Being a heterogeneous disorder, the diagnosis of PCOS is difficult and often delayed [4]. PCOS diagnosis is based on oligo-anovulation (OA), biochemical or clinical hyperandrogenism (HA), and polycystic ovary morphology (PCOM) on ultrasound extending across the original 1990 National Institutes of Health (NIH) criteria (OA and HA) [5], the 2003 Rotterdam criteria (any two of OA, HA, and PCOM) [6], and the Androgen Excess and Polycystic Ovary Syndrome (AE-PCOS) Society criteria (HA and OA or PCOM or both) [7]. The Rotterdam criteria are now widely accepted and generate four possible diagnostic PCOS phenotypes in adult women: (A) OA + HA + PCOM, (B) OA + HA, (C) HA + PCOM, and (D) OA + PCOM [6]. The Rotterdam criteria are recommended and endorsed by the 2018 international PCOS evidence-based guideline, which was co-developed based on unprecedented evidence synthesis and best practice methods, by world-leading multidisciplinary clinicians and researchers across 37 societies from 71 countries, with consumer engagement [8].

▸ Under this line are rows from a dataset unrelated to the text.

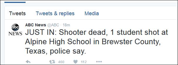 Όπως μετέδωσε στο Twitter το ABC ο ένοπλος που άνοιξε πυρ σε σχολείο του Τέξας είναι νεκρός. Από τα πυρά του έχει τραυματιστεί ένας μαθητής. Οι αστυνομικοί ερευνούν αν υπάρχει και δεύτερος ένοπλος στο κτίριο.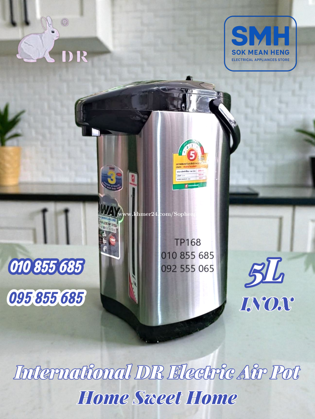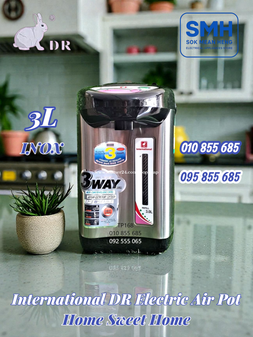 បំពង់ទឹកក្តៅអគ្គីសនី_អ៊ីណុក InternationalDR Electric Air Pot - INOX _ 3L / 3.5L / 5L (NEW) . - Materials: អ៊ីណុក / Inox - ដាំទឹកពុះ 100% / Fully Boil Function (100% Fully Boil) - 3 Ways Dispenser: Air Pump / Electric Pump / Cup Touch - បង្វិលបាន 360° / 360° Coreless Basic . 1. បំពង់ទឹកក្តៅអគ្គីសនី_អ៊ីណុក Inter DR-300 Electric Air Pot _ 3L _ Inox - Capacity: 3លីត្រ / 3Litres - Power: 730W - 220V ~ 50Hz * តំលៃ / Price: 25.9$ . 2. បំពង់ទឹកក្តៅអគ្គីសនី_អ៊ីណុក Inter DR-350 Electric Air Pot _ 3.5L _ Inox - Capacity: 3.5លីត្រ / 3.5Litres - Power: 730W - 220V ~ 50Hz * តំលៃ / Price: 26.9$ . 3. បំពង់ទឹកក្តៅអគ្គីសនី_អ៊ីណុក Inter DR-500 Electric Air Pot _ 5L _ Inox - Capacity: 5លីត្រ / 5Litres - Power: 730W - 220V ~ 50Hz * តំលៃ / Price: 31.9$ . SMH / សុខ មាន ហេង / Sok Mean Heng ហាងលក់គ្រឿងប្រើប្រាស់អគ្គិសនី / Electrical Appliances Store . Phone Number / Telegram (សេវាកម្មរហ័ស / Fast Service): Smart: 010855xxxClick To Call _ http://t.me/SokMeanHeng168 Cellcard: 095855xxxClick To Call _ http://t.me/Annsopheap095 . អាស័យដ្ឋាន / Address: No. 392, MaoTseToung Blvd. (St. 245), Phnom Penh. (Near P Jolie Beauty Center) . ផែនទី / Maps: https://www.google.com/maps?q=11.55595844757693,104.90165490657091&15 . #បំពង់ទឹកក្តៅអគ្គីសនី #ElectricAirPot #AirPot #JarPot #ThermoPot #WaterDispenser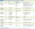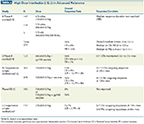 The data set that led to FDA approval of HD IL-2 for melanoma consisted of a series of eight phase II studies that included a total of 270 patients who were treated with HD IL-2 at doses of 600,000–720,000 IU/kg. The overall response rate was 16%; 6% had a complete response. The median duration of response had not been reached at the time of reporting.[13] Thus, HD IL-2 was approved for advanced melanoma in 1998. The Cytokine Working Group conducted three phase II studies of HD IL-2 (at a dose of 600,000 IU/kg) along with gp100 peptide that showed an overall response in 16%; complete response was observed in 9%.[14] In 684 consecutive patients with metastatic melanoma treated at the NCI with HD IL-2 alone or in combination with a vaccine, the overall response rate was 13% for patients who received IL-2 alone and 16% for patients who received IL-2 with the vaccine.[15] A phase III study comparing HD IL-2 alone to HD IL-2 with gp100 vaccine showed the overall response rate to be 6% for IL-2 alone and 16% for the combination.[16] Our own experience with HD IL-2 in 117 patients has been consistent with the above outcomes (see Figure 2). These data are summarized in Table 2.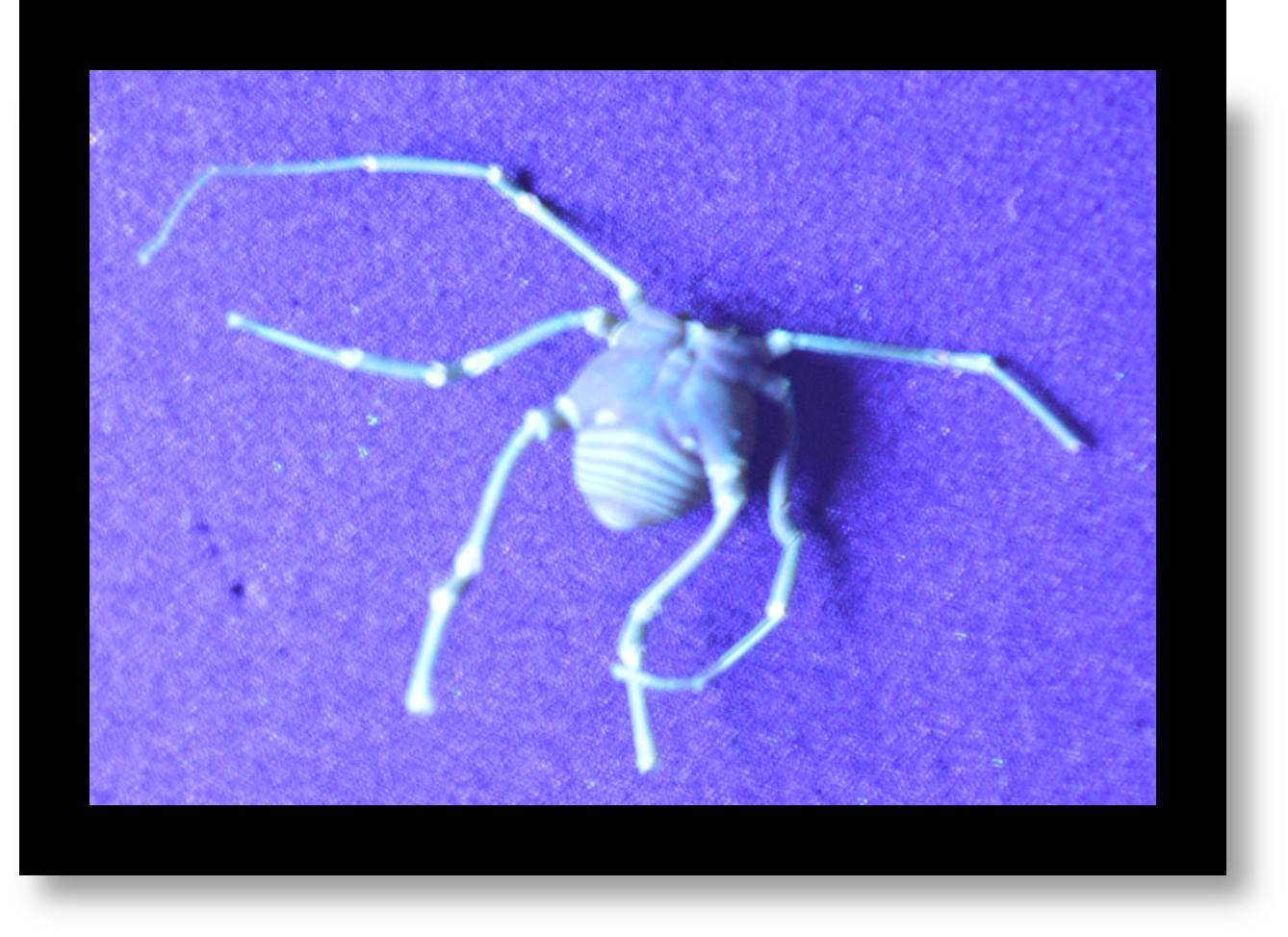 “It has been reported that some species of spiders are fluorescent, however very little is known about the evolutionary significance or the chemical nature of fluorescent compounds in Opiliones. These specimens were captured using black light in Cusuco National Park, Honduras. They glowed most intensely under ultraviolet (UV) light. The fluorescence was localized to specific pattern on the carapace and was distributed intensely throughout the palps. It appears that the legs are somewhat fluorescent, although hairs on the legs may mask the fluorescence to some extent. Carapace, palps, and legs from 39 specimens were homogenized half in phosphate buffered saline (PBS) and the other half in 95% Ethanol, and the extracts were monitored for fluorescence using a fluorescence plate reader and TLC. The results of this assay revealed the fluorescent compounds remained with insoluble material after PBS extraction but not in Ethanol. Studies are ongoing to characterize the fluorophores and we plan to compare them to other fluorophores identified in other arachnids. We would like to summarize these preliminary findings in a poster presentation.”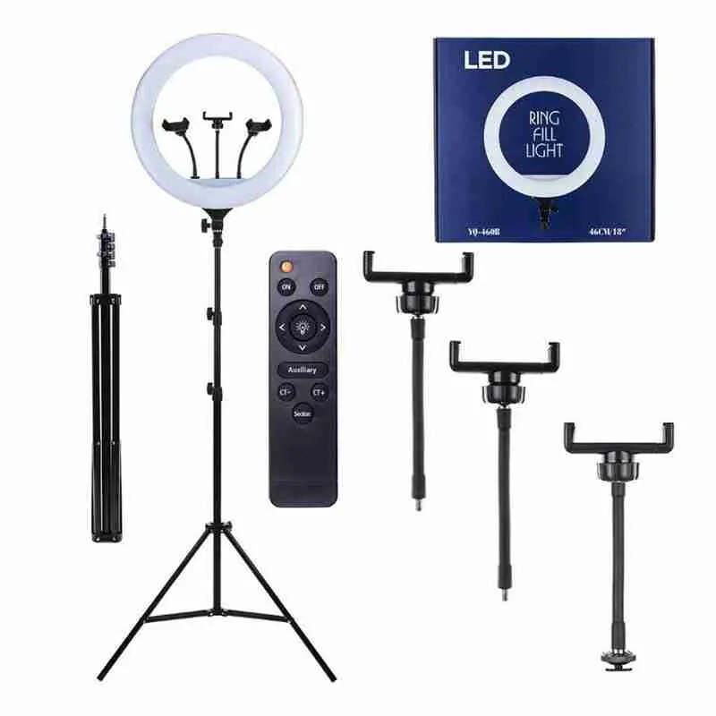 O Ring Fill Light YQ 460B de 18 Polegadas oferece iluminação de intensidade e desempenho profissional, com mudança de temperatura de cor instantânea de 3200k-5600k, e ao mesmo tempo um equipamento leve, durável e fácil utilização.

PCOS is more challenging to diagnose in adolescents, as menstrual irregularity and multi-follicular ovaries are part of normal pubertal physiology and the application of adult criteria results in a high prevalence and may over-diagnose PCOS [9, 10]. Available recommendations on adolescent PCOS diagnostic criteria are inconsistent. The 2018 international PCOS guideline updated the Rotterdam criteria and now recommends applying OA and HA while avoiding PCOM for PCOS diagnosis in adolescents [8]. However, this evidence-informed recommendation was ultimately based on expert consensus with limited evidence on the most accurate diagnostic approach in adolescents and on the natural history of PCOS phenotypes over time. It remains unclear if the 2018 updated Rotterdam criteria capture adolescents with PCOS who are at the greatest risk of long-term complications and would benefit the most from lifestyle preventative interventions [8].

Long-term weight gain is a major health concern for women with PCOS and a key pathophysiological contributor to PCOS severity [4]. More than 60% of women with PCOS are above healthy body mass index (BMI), exacerbating metabolic, reproductive, and psychological features of PCOS [11, 12]. These effects can be ameliorated by 5–10% weight loss, and lifestyle intervention to prevent weight gain and promote weight loss is therefore the cornerstone of PCOS management [8, 13]. However, existing studies examining the natural history of weight gain in women with PCOS are limited to largely clinic-based adult populations and women with self-reported PCOS and do not differentiate across various PCOS diagnostic criteria or phenotypes [14,15,16,17,18,19,20,21,22].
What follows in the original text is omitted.